2016-C- Lc 9, 23-26- stigmates de François
Année C - samedi de la 24e semaine ordinaire (litco24s.16)
Luc 9, 23-26 ; Ga 6, 14-18 : la souffrance parfaite = stigmates de François
Ce matin, nous soupçonnons la joie de François de se voir, au terme de sa vie, transformée en une même image, celle du Christ qu'il a tant regardée et fixée sur la croix (Ga 9, 12). Nous imaginons comment il désirait éprouver sa cruelle passion pour nous. Le véritable amour a transformé l'ami du Christ à la ressemblance exacte de celui qu'il aimait (Bonaventure).
Nous ne pouvons aussi que demeurer sur le seuil des stigmates tant il n'est pas possible aux humains d'en parler sans en trahir le mystère. Joie et douleur, ces deux mots courent comme en filigrane dans cette fête comme dans la vie de François. Ils sont inséparables. L'un ne va pas sans l'autre.
Impossible de comprendre la longueur, la profondeur et l'intensité de la joie de François qui voit ainsi Jésus confirmer sa forme de vie. Sa joie est un secret dont nous pouvons parler, mais seulement de l'extérieur. Impossible aussi d'atteindre la profondeur de sa souffrance. Dois-je ajouter, de sa souffrance parfaite. Elle est indescriptible. Nous pouvons seulement la soupçonner à distance. De l'extérieur.
Toute sa vie, François a marché à la suite de Jésus; il a renoncé à lui-même, a porté sa croix. Mais sur le mont Alverne, Jésus, pour me permettre une image, allume le commutateur qui permet à François de voir, dans toute sa lumière, ce qu'il vivait dans l'obscurité. Pour un instant, François vit en pleine lumière la passion de Jésus. Il voit ce qu'il entrevoyait. Il éprouve ce qu'il pressentait. Il boit à la coupe dont il avait tellement soif. Moment de bonheur indescriptible. Pour un instant qui marquera le reste de sa vie, ce n'est plus François qui vit, mais le Christ qui vit en François.

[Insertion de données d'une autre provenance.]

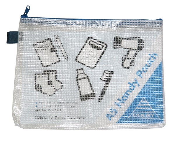 High quality A5 size zippered pouch, made from water-resistant mesh reinforced PVC, with fabric finger loop and fabric-backed metal zip.

Après avoir goûté à cet instant de béatitude, la lumière s'éteint, mais son corps ne peut plus lui cacher les souffrances de Jésus tant il éprouvait autant qu'il était possible, toutes ces souffrances que Jésus avait éprou-vées en lui-même au temps de sa très amère Passion. Il signait ce que Paul écrivait : je porte dans mon corps la marque des souffrances de Jésus pour moi (Gal 6, 18). Son corps ne peut plus aussi cacher à son entourage l'intense intimité qui l'unissait à Jésus. Son intense secret.
Durant la vie de François, Jésus s'est montré à lui à travers le lépreux, à travers le rejet des siens, par un soir d'hiver, à travers le sultan dont il s'est approché sans crainte. Sur le mont Alverne, François expérimente ce qui est arrivé à Jésus. Il expérimente non plus de l'extérieur, mais de l'intérieur de la passion de Jésus. Comme les apôtres au matin de Pâques, François vit (dans le sens de voir et de vivre) en pleine lumière. Il obtient la grâce d'éprouver dans la pleine lumière ce qu'il a tant demandé, de souffrir la passion comme Jésus lui-même l'a souffert. Le commutateur fermé, son être battait du même amour sans mesure de Jésus pour les siens.
En se rendant visible puis invisible, Jésus a sculpté avec une telle force sa passion en lui qu'il reconnaissait le Seigneur partout. Partout, il le voyait souffrir pour nous. Partout, il ressentait tellement de l'intérieur son immense amour qu'il fut le reste de sa vie une eucharistie vivante.
Quel message nous lance cette fête ? Si nous levions les yeux plus souvent vers la croix, nous n'accuserions pas si facilement Dieu de ne pas se soucier de nous. Nous serions incapables de prétendre qu'il nous abandonne. La seule chose qu'il nous reste à faire est de laisser entrer la lumière de la croix en nous. De nous laisser fasciner par elle à tel point que tout le reste apparaît tellement sans valeur qu'on s'empresse de tout vendre, de se délester de tout pour acquérir ce trésor.
Ce que François nous apprend, c'est que contempler la croix est la plus grande grâce que Dieu nous fait parce qu'elle est la plus grande œuvre de Jésus. Pour tout disciple, et pour vous qui suivez la règle de François, il n'y a pas d'autre chemin pour vivre dans un état extatique votre quotidien que de fixer la Croix jusqu'à ce qu'elle soit pour nous notre orgueil (Gal 6, 14). AMEN.